Tajik Court Sentences Jehovah’s Witness To Prison For Refusing Military Service

DUSHANBE — A military court in Tajikistan has sentenced a Jehovah’s Witness to two years in prison after finding him guilty of refusing compulsory military service.

The court in the capital, Dushanbe, made the ruling against 20-year-old Jovidon Bobojonov on April 2, the Jehovah’s Witnesses told RFE/RL.

The trial was held behind closed doors.

Tajik authorities have not provided information about his sentencing.

Bobojonov has appealed against his conviction, according to the Norway-based Forum18 human rights organization.

The Jehovah’s Witnesses said Bobojonov was arrested in January after he refused to wear a military uniform and take the military oath of allegiance.

Bobojonov refused, the group said, because it contradicted his religious beliefs.

Tajik authorities banned Jehovah’s Witnesses in the Central Asian nation in 2008.

In September, a court in the northeastern city of Khujand sentenced a Jehovah’s Witness to 7 1/2 years in prison after finding him guilty of inciting religious hatred.

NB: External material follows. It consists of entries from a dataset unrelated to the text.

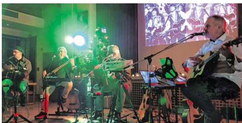
Stimmungsvoll und gegen Ende tatsächlich auch ein bisschen weihnachtlich war der Auftritt von December Project in Hopfen.

Schlagzeuger Smuty Brückner musste aus gesundheitlichen Gründen dem Konzert fern bleiben. Er nahm aber im Vorfeld seinen Part
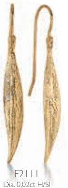
F2111 Dia. 0,02ct H/SI € 365
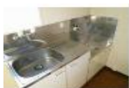
コンパクトキッチン
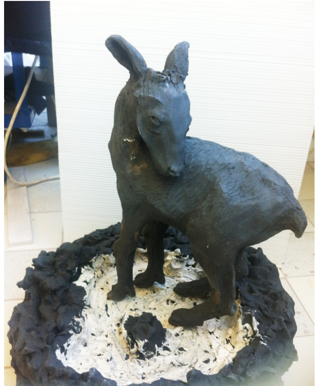
Rådjur utan horn, står på markbit.
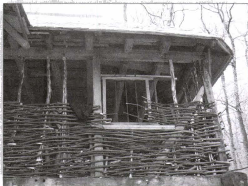
Detalii de construcție a pereților casei, Vlădești, județul Vâlcea
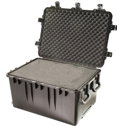
iM3075-X0001 With Foam
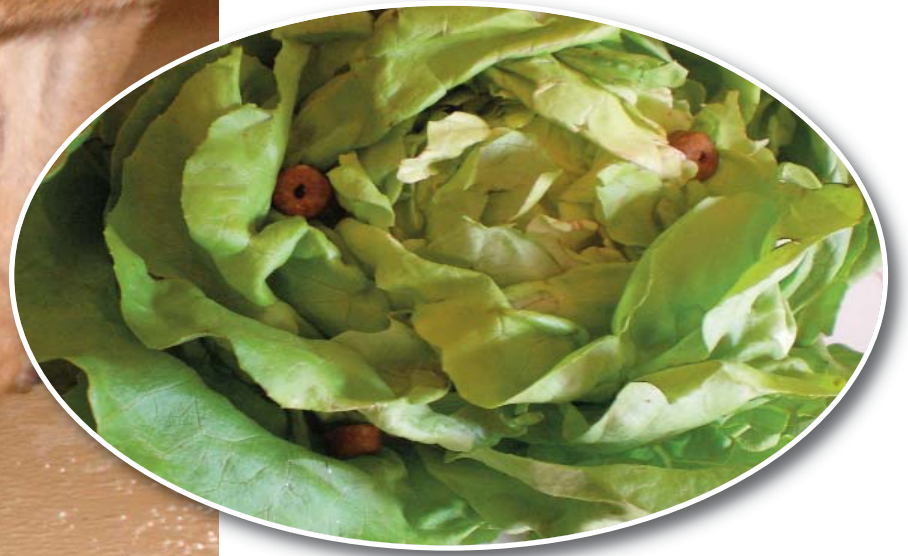
Kopfsalat mit einigen Frolic-Ringen gespickt, macht Hunden riesigen Spaß und stillt den Heißhunger auf Gras.
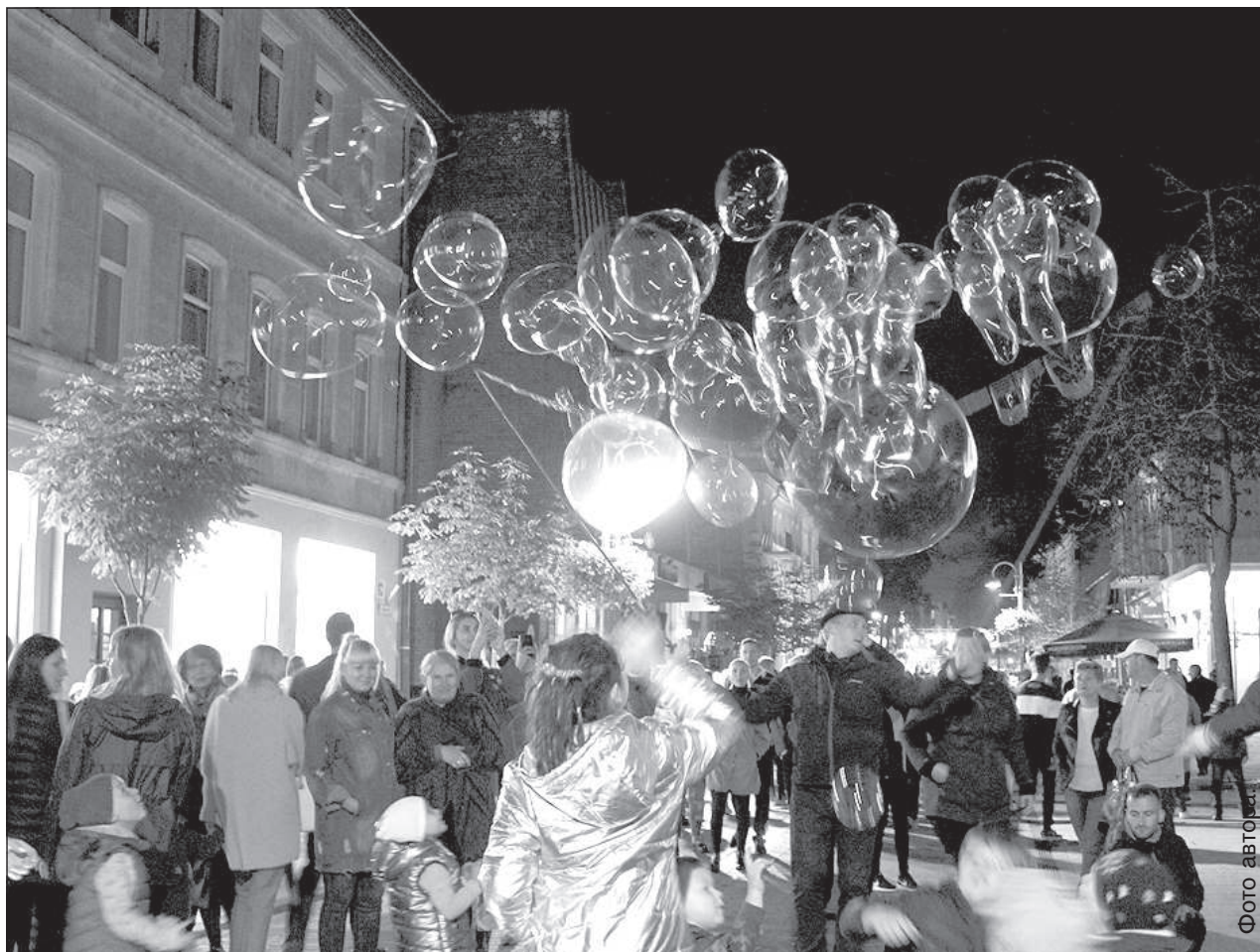
Вокруг аттракциона с мыльными пузырями собрались дети и взрослые.
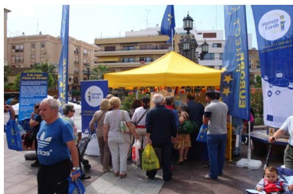
Día de Europa: Punto de Información

Ubicación de Punto de Información y Consulta en Stand situado en la Plaza Alta de Algeciras. Acto de izada de Bandera Europea por parte del Presidente de nuestra Entidad y otros representantes políticos de la Comarca del Campo de Gibraltar. Entrega de material promocional a todos los asistentes, cuestionarios y recogida de consultas sobre la UE.
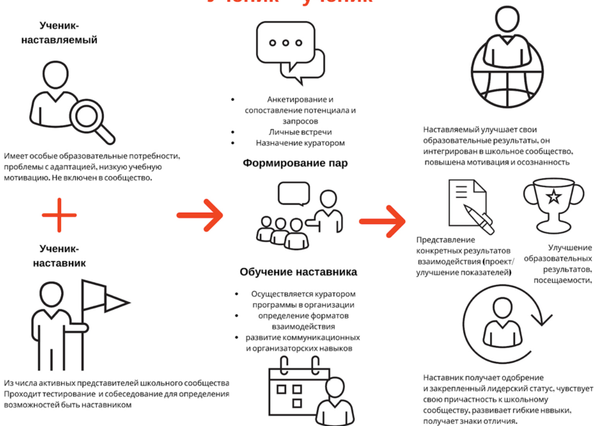
Рисунок 1. Графическое представление взаимодействия по форме «ученик – ученик»
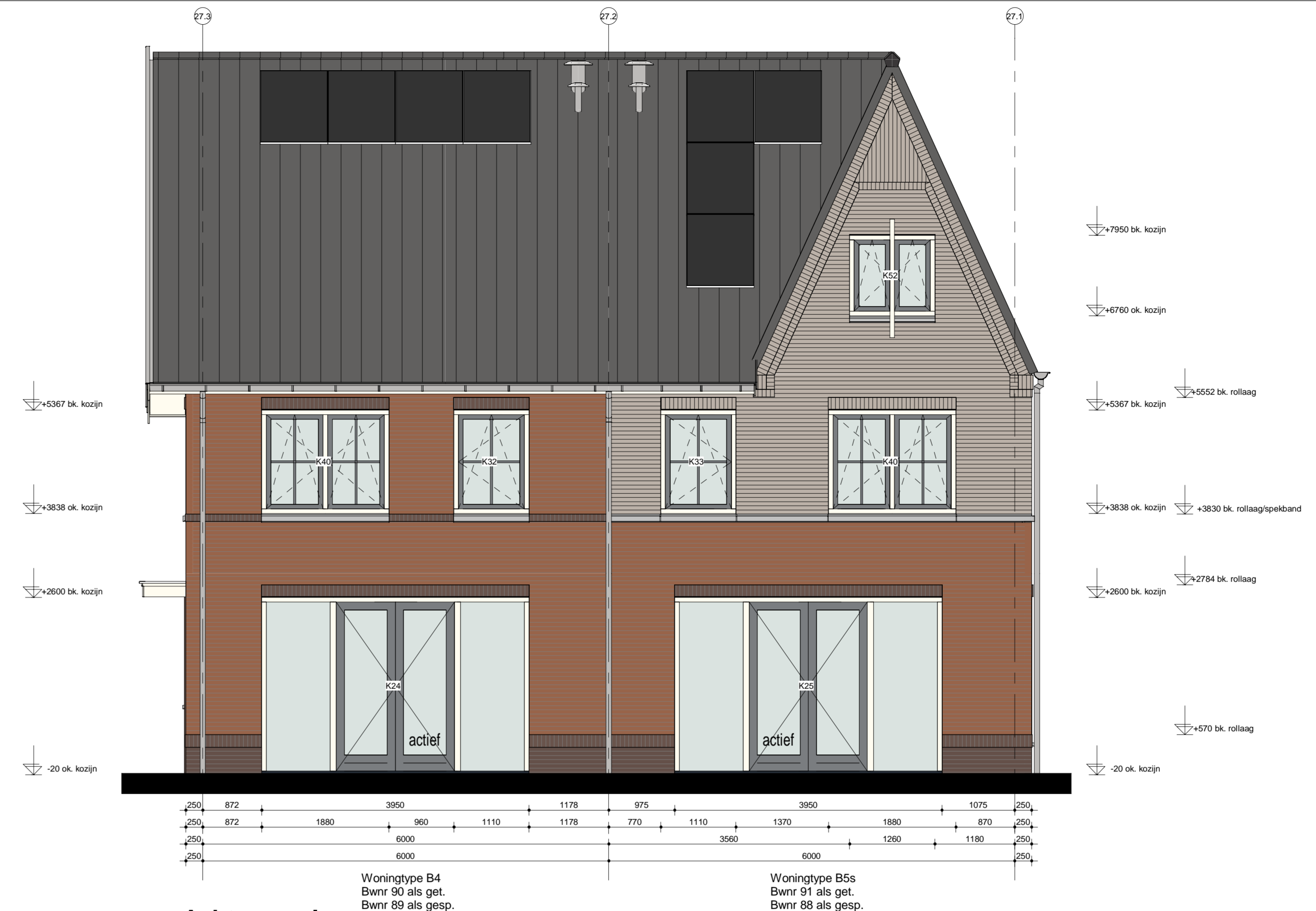
Achtergevel blok 27 als getekend blok 26 als gespiegeld

Woningtype B5s Bwnr 91 als get. Bwnr 88 als gesp. Woningtype B4 Bwnr 90 als get. Bwnr 89 als gesp.
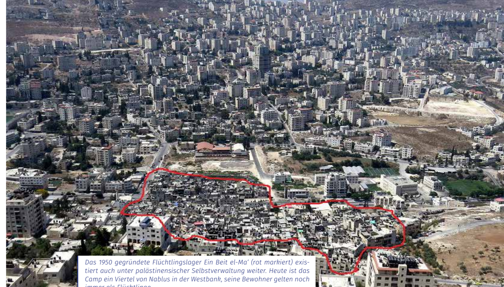
Das 1950 gegründete Flüchtlingslager Ein Beit el-Ma' (rot markiert) existiert auch unter palästinensischer Selbstverwaltung weiter. Heute ist das Camp ein Viertel von Nablus in der Westbank, seine Bewohner gelten noch immer als Flüchtlinge.

Gleichwohl leben heute Millionen von Palästinensern als Flüchtlinge auf palästinensischem Grund und Boden und streben ihre Rückkehr an – in ein Land, in dem sie nie gelebt haben. Und die UNRWA unterstützt sie dabei ausdrücklich. Mit ihrer Hilfe können die Palästinenser an ihrem Vorhaben festhalten, über eine Rückkehr die Demografie in Israel so zu verändern, dass die Juden zur Minderheit würden. Genau das ist auch ein Grund, warum auch die arabischen Staaten das Thema der Rückkehr vor allem anfangs so in den Vordergrund stellten: Auf diesem Wege versuchen sie, zu erreichen, was ihnen im Krieg gegen den jüdischen Staat auf militärischem Weg nicht gelungen war. Der ägyptische Außenminister führte das 1949 in aller Klarheit aus: Wenn die arabischen Staaten eine Rückkehr der Flüchtlinge nach Palästina forderten, dann meinten sie, „dass sie als Beherrscher des Heimatlandes zurückkommen sollen, nicht als Sklaven. Um es noch deutlicher zu sagen: Sie wollen den Staat Israel vernichten. “ 25 Dass keine israelische Regierung – ganz egal, welche Parteien ihr angehören – sich darauf einlassen kann und wird, versteht sich von selbst.
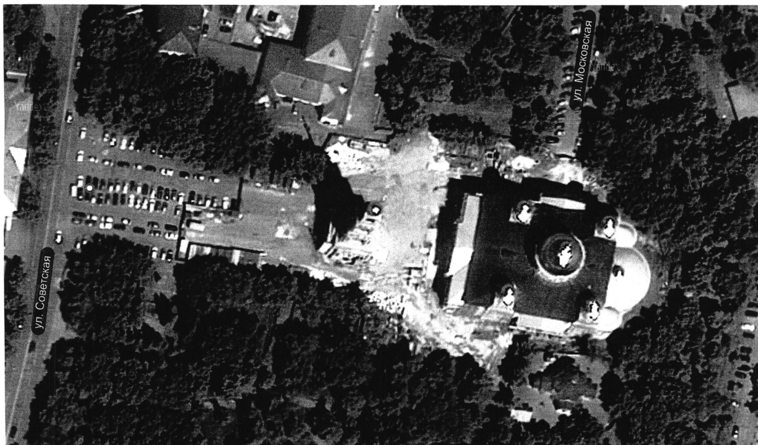
○ - предполагаемое место для размещения скульптуры на Советской площади

Приложение 3 к Положению о городском открытом конкурсе на разработку проекта декоративной скульптуры на тему «Материнство» для городской среды в городе Пензе
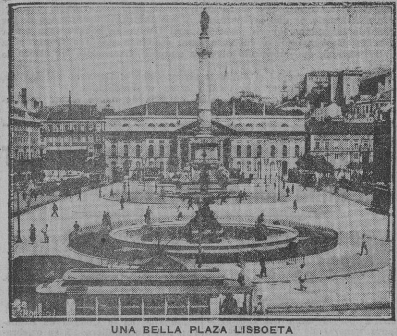
UNA BELLA PLAZA LISBOETA
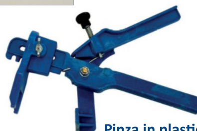
Pinza in plastica 1029

DC01 = 1,0mm DC15 = 1,5mm DC02 = 2,0mm DC03 = 3,0mm DC04 = 4,0mm
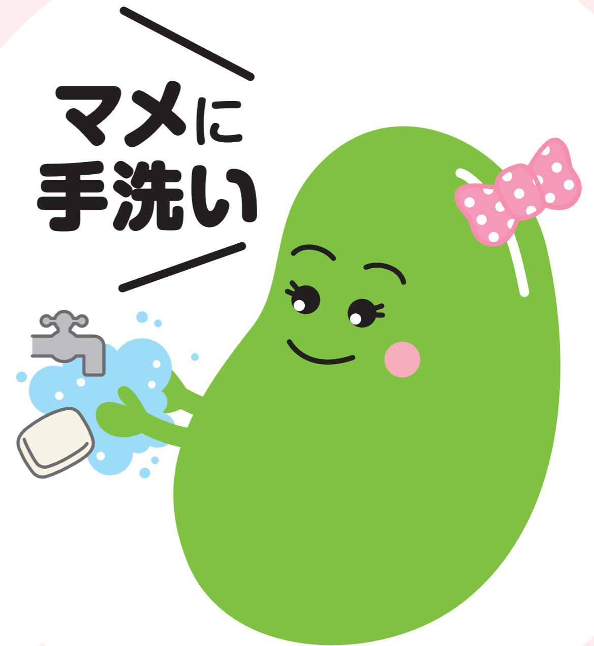
インフルエンザ 予防啓発キャラクター アズキちゃん
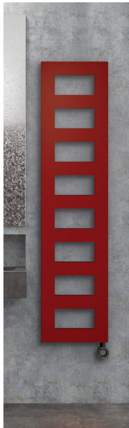
POSITION RESISTANCE ⊙ Résistance verticale
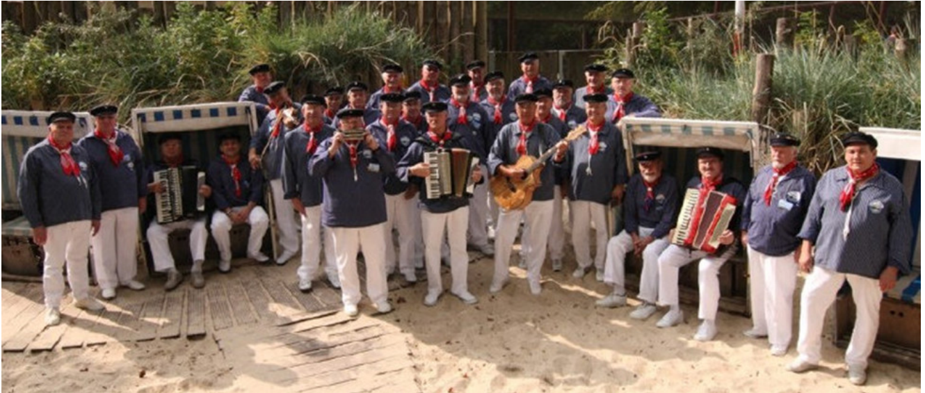
„Die Knurrhähne“ Bochum-Dahlhausen

Bochum–Dahlhausen liegt an der Ruhr. Aber seit Beginn des schienengebundenen Güterverkehrs ist die Ruhr nicht mehr schiffbar. Wer jedoch denkt, in Dahlhausen gäbe es keine Seeleute, der irrt gewaltig. 1903 wurde von damaligen Angehörigen der kaiserlichen Marine, die Linden Dahlhauser Marinekameradschaft, gegründet. Auf Segel und Handelsschiffen fuhren die meisten der heutigen 100 Mitglieder einmal zur See, während sich die Frauen zu Hause um Haushalt und Kinder kümmerten.

The court also ruled that after serving his term, Shamil Hakimov will be barred from working in religious organizations for three years.

In autumn 2017, a court in the southern Tajik region of Khatlon sentenced an 18-year-old army conscript, Daniil Islomov, to six months in prison for refusing to wear a military uniform because of his beliefs as a Jehovah’s Witness.

Tajik law obliges all men between the ages of 18 to 27 to serve in the armed forces for two years.

Refusing military service is punishable by up to five years in prison.

Tajikistan gives exemptions from military duty to full-time university students, men who are the only son in the family, married men with more than one child, and individuals unfit for service due to medical reasons.